> _Supplied records_

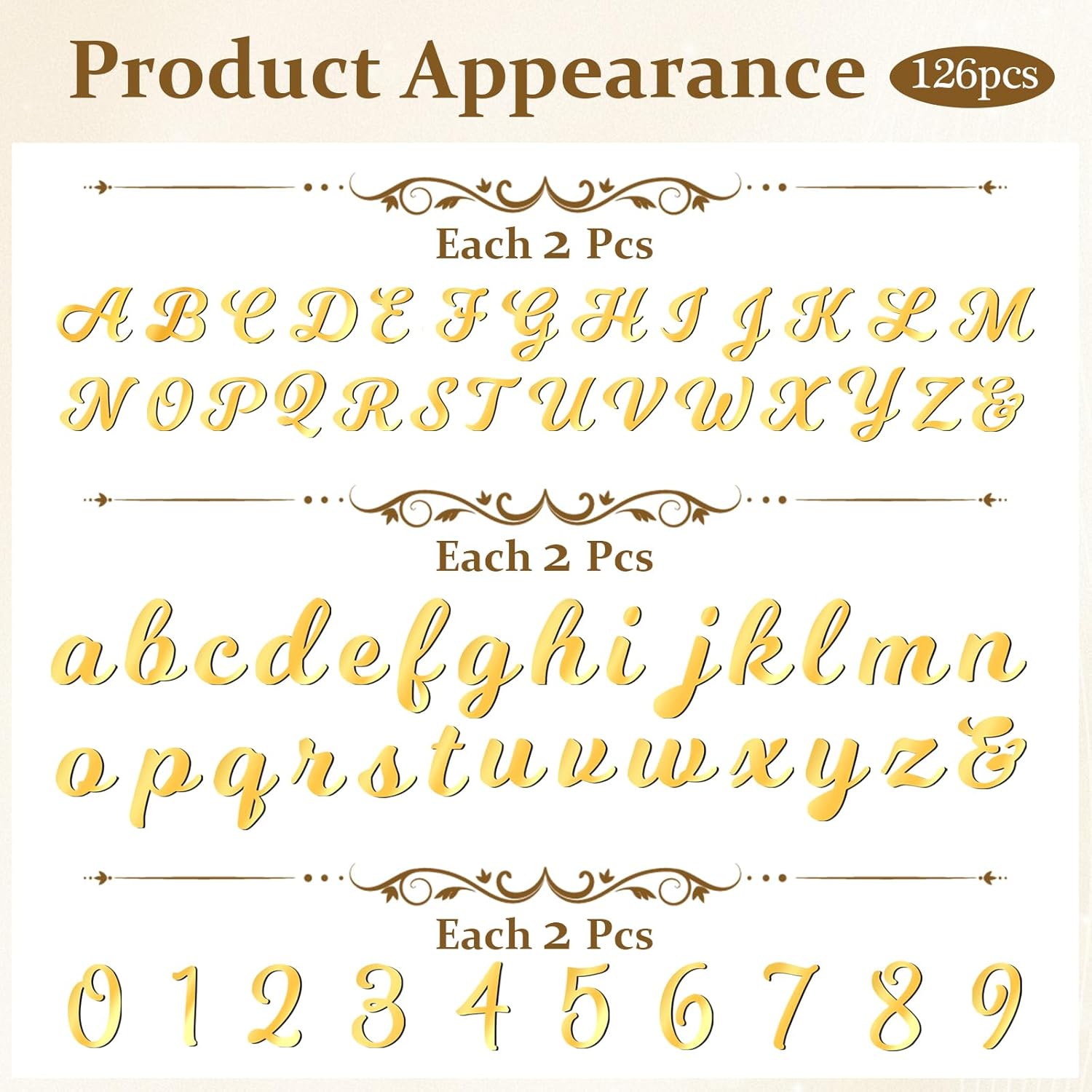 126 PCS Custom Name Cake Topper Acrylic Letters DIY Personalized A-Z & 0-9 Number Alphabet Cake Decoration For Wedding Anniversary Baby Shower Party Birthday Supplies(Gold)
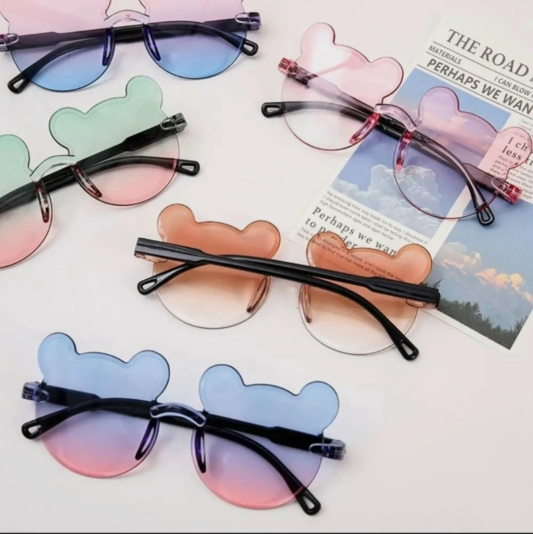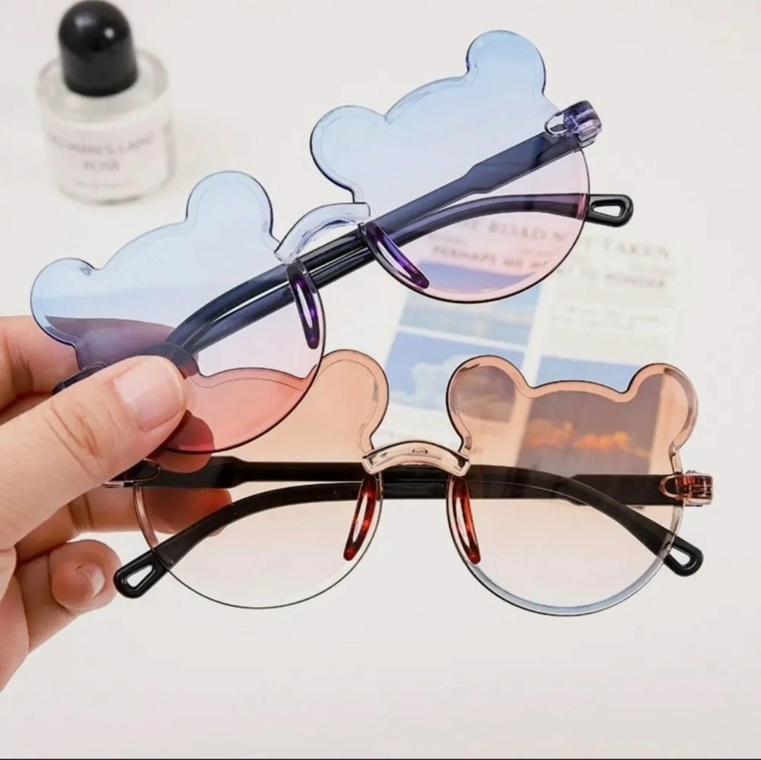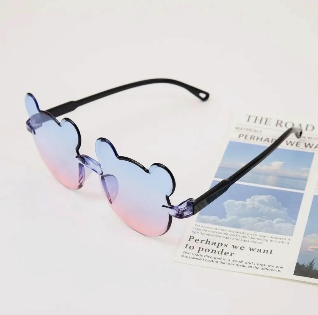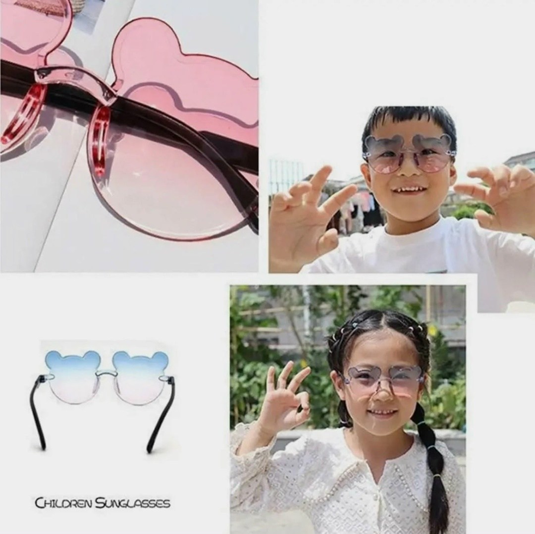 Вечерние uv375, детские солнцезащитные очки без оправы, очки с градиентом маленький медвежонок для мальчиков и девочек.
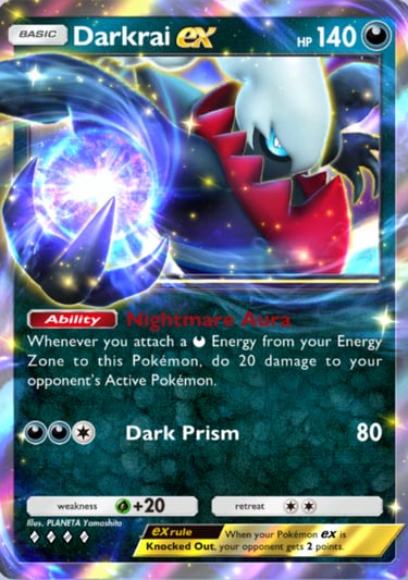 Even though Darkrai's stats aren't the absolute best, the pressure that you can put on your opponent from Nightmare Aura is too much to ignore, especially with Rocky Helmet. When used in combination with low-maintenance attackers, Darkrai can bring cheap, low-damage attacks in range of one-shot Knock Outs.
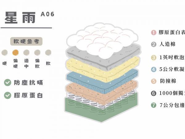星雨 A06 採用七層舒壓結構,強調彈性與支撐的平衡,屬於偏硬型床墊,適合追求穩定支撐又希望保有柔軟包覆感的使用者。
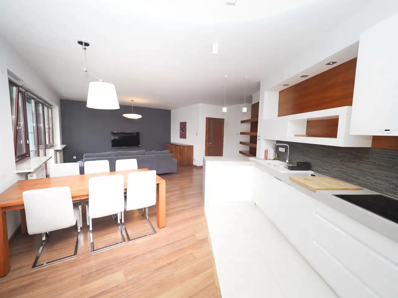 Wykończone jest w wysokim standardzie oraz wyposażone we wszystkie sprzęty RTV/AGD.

> _Work item_
Using the entries above, write out exactly the lines from the one with "Вечерние uv375, детские" through the one with "星雨 A06 採用七層舒壓結構,強調彈性與支撐的平衡,屬於偏硬型床墊,適合追求穩定支撐又希望保有柔軟包覆感的使用者。", ends included. Leave out any pictures.

> _Response below_
 Вечерние uv375, детские солнцезащитные очки без оправы, очки с градиентом маленький медвежонок для мальчиков и девочек.
 Even though Darkrai's stats aren't the absolute best, the pressure that you can put on your opponent from Nightmare Aura is too much to ignore, especially with Rocky Helmet. When used in combination with low-maintenance attackers, Darkrai can bring cheap, low-damage attacks in range of one-shot Knock Outs.
星雨 A06 採用七層舒壓結構,強調彈性與支撐的平衡,屬於偏硬型床墊,適合追求穩定支撐又希望保有柔軟包覆感的使用者。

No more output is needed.